What seems like magic is actually based on solid mathematics! What we are performing here is in statistical lingo a so-called Pearson’s (chi-squared) goodness of fit test. We won’t go into the mathematical details but it can be shown that the way the calculation is set up the test statistic follows a so-called (chi-squared) distribution. The magic number 3.84 is just the 5% mark of the p-value:
curve(pchisq(x, df = 1, lower.tail = FALSE), from = 0, to = 10, axes = FALSE, xlab = "X-squared", ylab = "p-value", main = "X-squared = 3.84 <=> p-value = 0.05") axis(1, at = c(0, 2, 3.84, seq(4, 10, 2)), labels = c("0", "2", "3.84", "4", "6", "8", "10")) axis(2, at = c(0, 0.05, seq(0.2, 1, 0.2)), labels = c("0", "0.05", "0.2", "0.4", "0.6", "0.8", "1.0")) lines(c(3.84, 3.84), c(0, 0.05), col = "blue") lines(c(0, 3.84), c(0.05, 0.05), col = "blue")
This is why we can also do the above calculation directly in R:
chisq.test(c(9, 1)) ## ## Chi-squared test for given probabilities ## ## data: c(9, 1) ## X-squared = 6.4, df = 1, p-value = 0.01141
As expected we not only get the same result but a p-value below 0.05!
Let us do another example, this time from the above-mentioned book:
You take your child to kindergarten on the first day. Of the 21 students, there are only 6 boys. You wonder if this is unusual. Based on your knowledge of biology, you expect something closer to half boys and half girls.
The values for our formula:
- Observed number of boys = 6
- Expected number of boys = 21 / 2 = 10.5
- Observed number of girls = 15
- Expected number of girls = 21/2 = 10.5
And now for the calculation (by “hand” and afterwards again with the chisq.test
function:
(((6 - 10.5)^2) / 10.5) + (((15 - 10.5)^2) / 10.5) ## [1] 3.857143 chisq.test(c(6, 15)) ## ## Chi-squared test for given probabilities ## ## data: c(6, 15) ## X-squared = 3.8571, df = 1, p-value = 0.04953
Dr. Ruland interprets the result for us:
Since our calculated value is greater than 3.84, our observed frequencies (6 boys and 15 girls) do not fit the expected frequencies very closely. (Perhaps there is another school in town for boys only?)
Isn’t it fascinating how you can perform some serious statistical analysis with this simple tool!
At point 6. I think you meant “if the result is bigger than”
Oops, indeed! Fixed it right away, thank you for catching this error!
you are welcome! Thanks for the post, I like it.
Chi-squared works for some but not all distributions. Consider, for example, the distribution of leading digits, Benford’s Law. https://en.wikipedia.org/wiki/Benford%27s_law
Thank you, Carl.
I am not sure that this is really the case because with the “goodness of fit” test you compare given cases with a known or hypothesized distribution. I don’t think that the latter has any strong limitations but I am always eager to learn! Could you give me a source? That would be great, thank you again.

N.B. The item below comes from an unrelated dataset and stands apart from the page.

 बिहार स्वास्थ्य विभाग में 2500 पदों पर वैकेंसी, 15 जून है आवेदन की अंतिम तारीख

For example, I found this (and many other links) where a chi-squared goodness of fit test is being performed to ascertain whether the data conform to Benford’s law:
https://rdrr.io/cran/BenfordTests/man/chisq.benftest.html.

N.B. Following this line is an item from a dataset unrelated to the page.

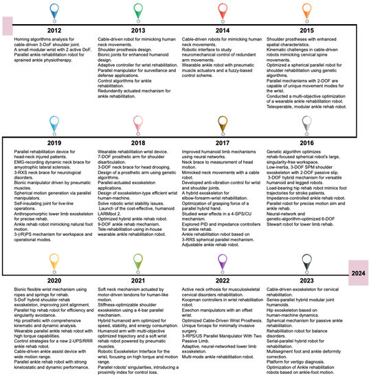 The 93 selected articles were analyzed and categorized by joint type: neck, shoulder, wrist, hip, and ankle. Key aspects such as the year of publication, country of origin, type of rehabilitation targeted by joint, mechanism type, degrees of freedom, types of movement, type of actuator, mathematical models, and simulation tools were considered.

Good point — I probably should have been more careful when responding. I should have warned that chisqr needs to be used with care for some distributions rather than implying it won’t give an appropriate evaluation. My apologies.
Dear Carl, no problem, your feedback is always valuable and very welcome… and rest assured: in most cases, it is me who makes the mistakes or expresses things ambiguously! Thank you again and looking forward to your next contribution.